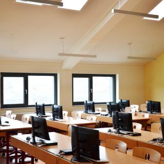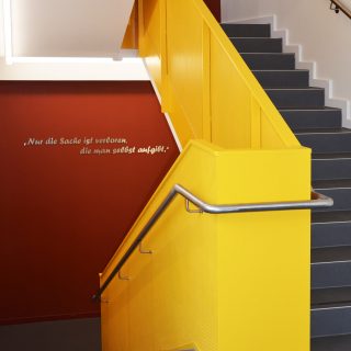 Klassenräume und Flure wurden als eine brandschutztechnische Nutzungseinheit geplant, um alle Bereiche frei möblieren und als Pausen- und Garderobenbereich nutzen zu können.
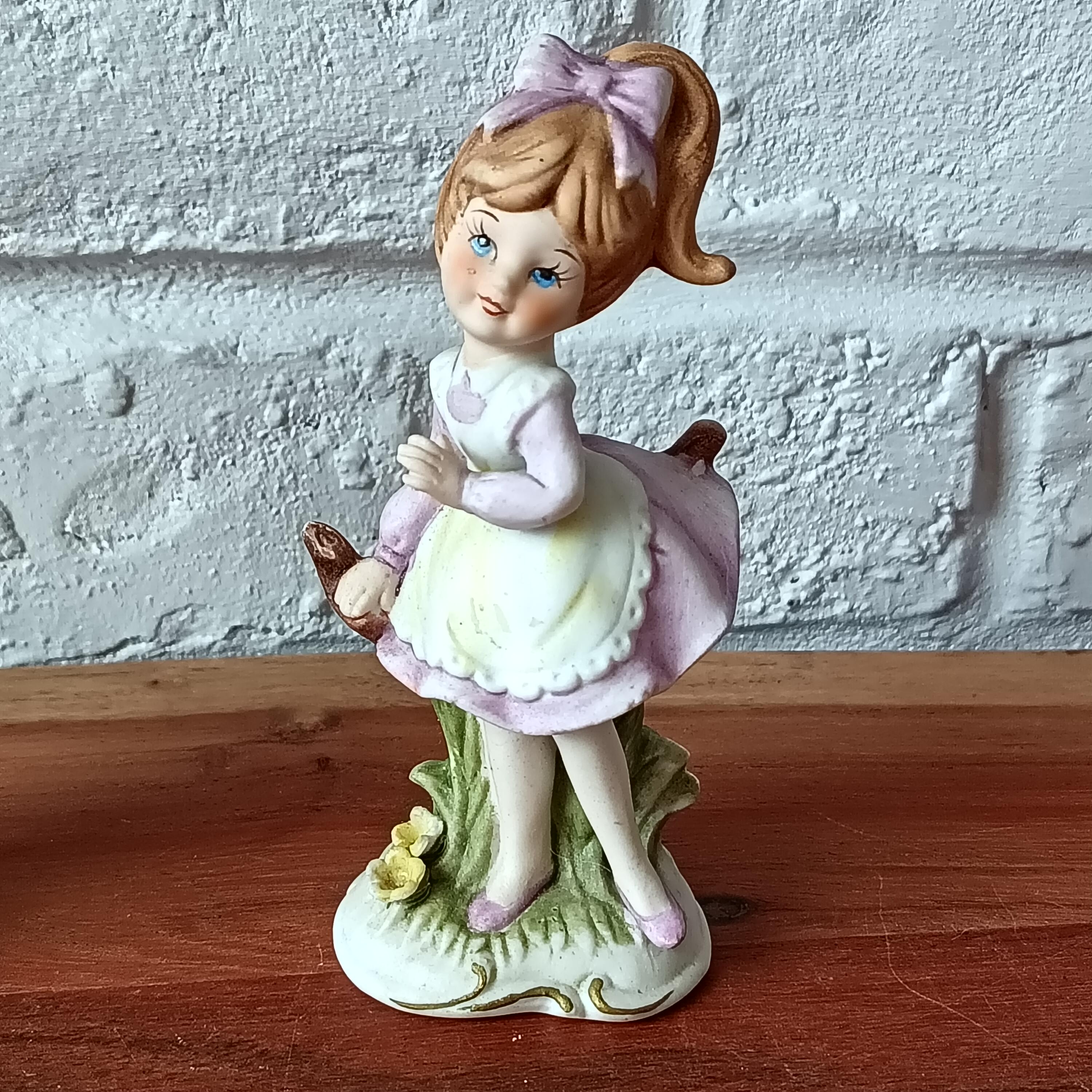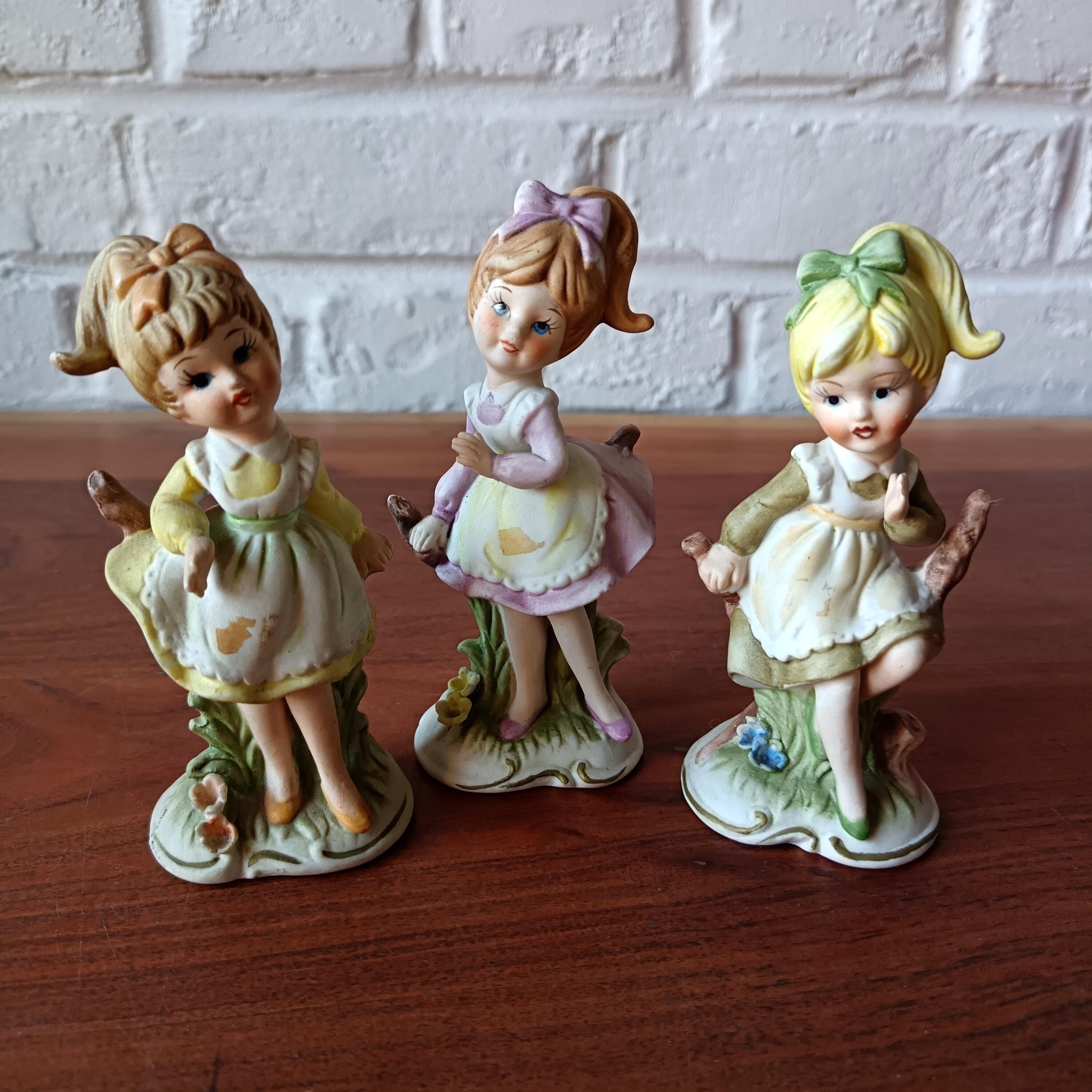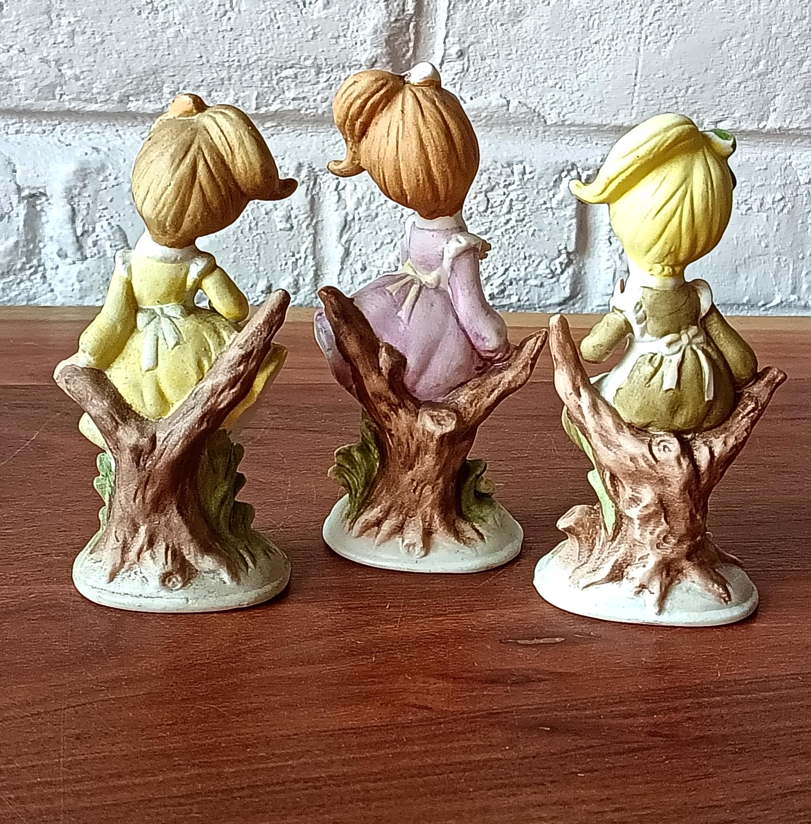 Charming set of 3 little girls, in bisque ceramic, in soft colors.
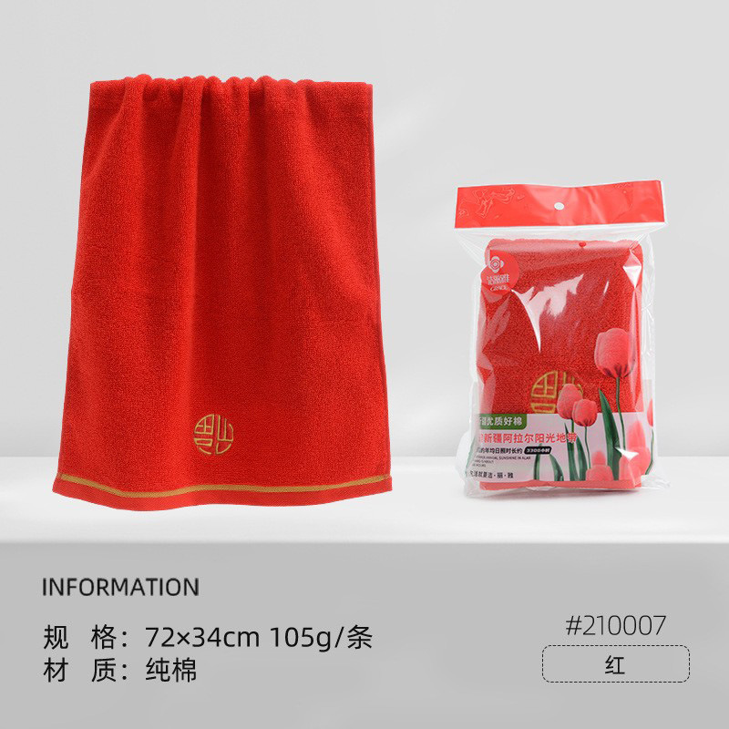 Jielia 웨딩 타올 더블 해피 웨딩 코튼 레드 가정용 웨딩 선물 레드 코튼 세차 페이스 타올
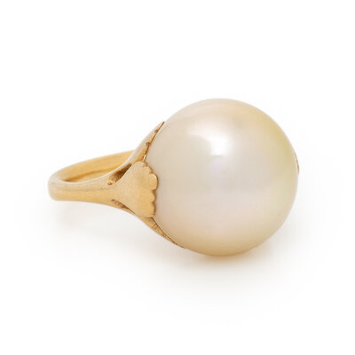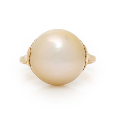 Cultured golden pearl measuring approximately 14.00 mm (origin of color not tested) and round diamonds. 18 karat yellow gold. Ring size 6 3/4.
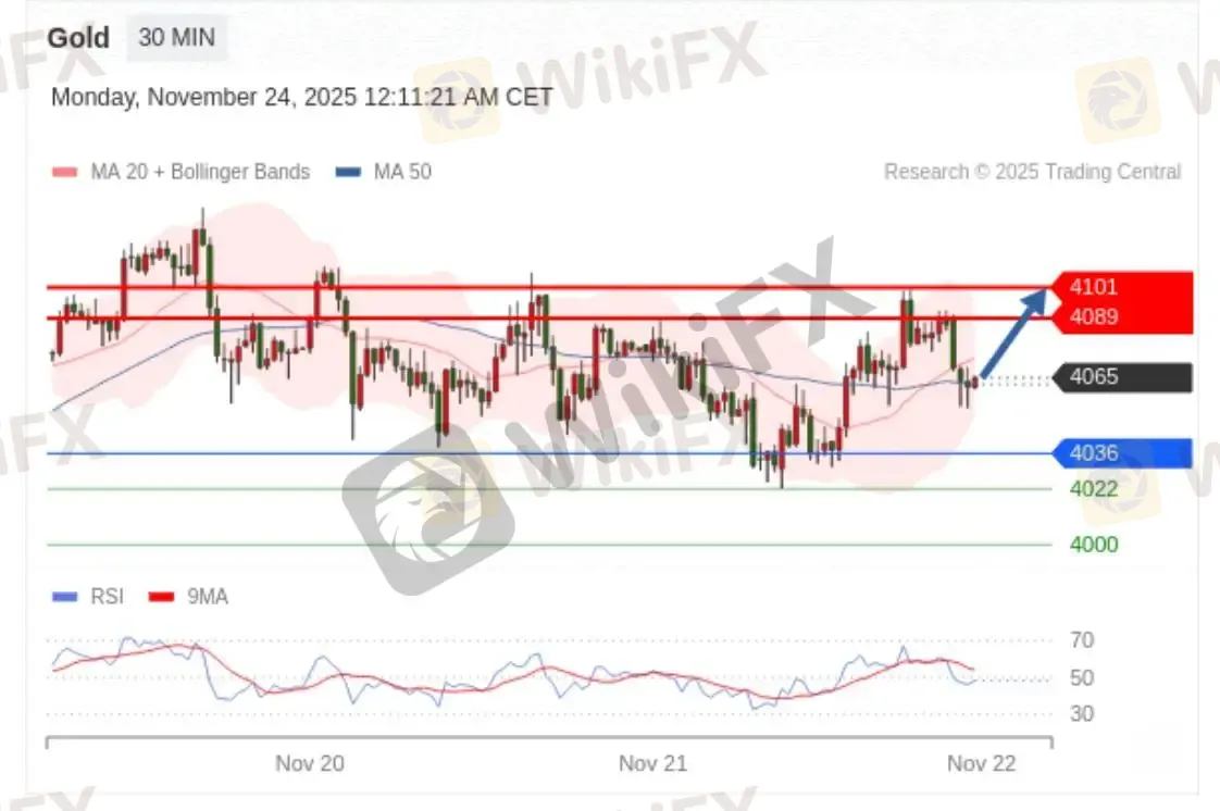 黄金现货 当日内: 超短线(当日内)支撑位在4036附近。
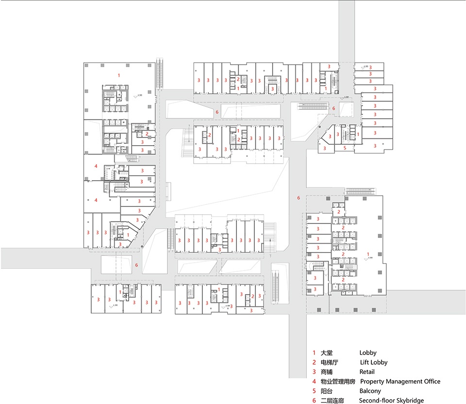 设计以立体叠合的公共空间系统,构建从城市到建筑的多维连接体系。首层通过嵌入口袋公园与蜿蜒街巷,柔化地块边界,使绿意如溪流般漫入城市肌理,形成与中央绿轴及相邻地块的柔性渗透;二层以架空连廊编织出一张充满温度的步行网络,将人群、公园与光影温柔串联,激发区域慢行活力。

──────────

Required action –
Starting at the line that contains "Cultured golden pearl" and ending at the final line of the data, reproduce each line exactly. Pictures stay out of the copy.

Reply to the task –
 Cultured golden pearl measuring approximately 14.00 mm (origin of color not tested) and round diamonds. 18 karat yellow gold. Ring size 6 3/4.
 黄金现货 当日内: 超短线(当日内)支撑位在4036附近。
 设计以立体叠合的公共空间系统,构建从城市到建筑的多维连接体系。首层通过嵌入口袋公园与蜿蜒街巷,柔化地块边界,使绿意如溪流般漫入城市肌理,形成与中央绿轴及相邻地块的柔性渗透;二层以架空连廊编织出一张充满温度的步行网络,将人群、公园与光影温柔串联,激发区域慢行活力。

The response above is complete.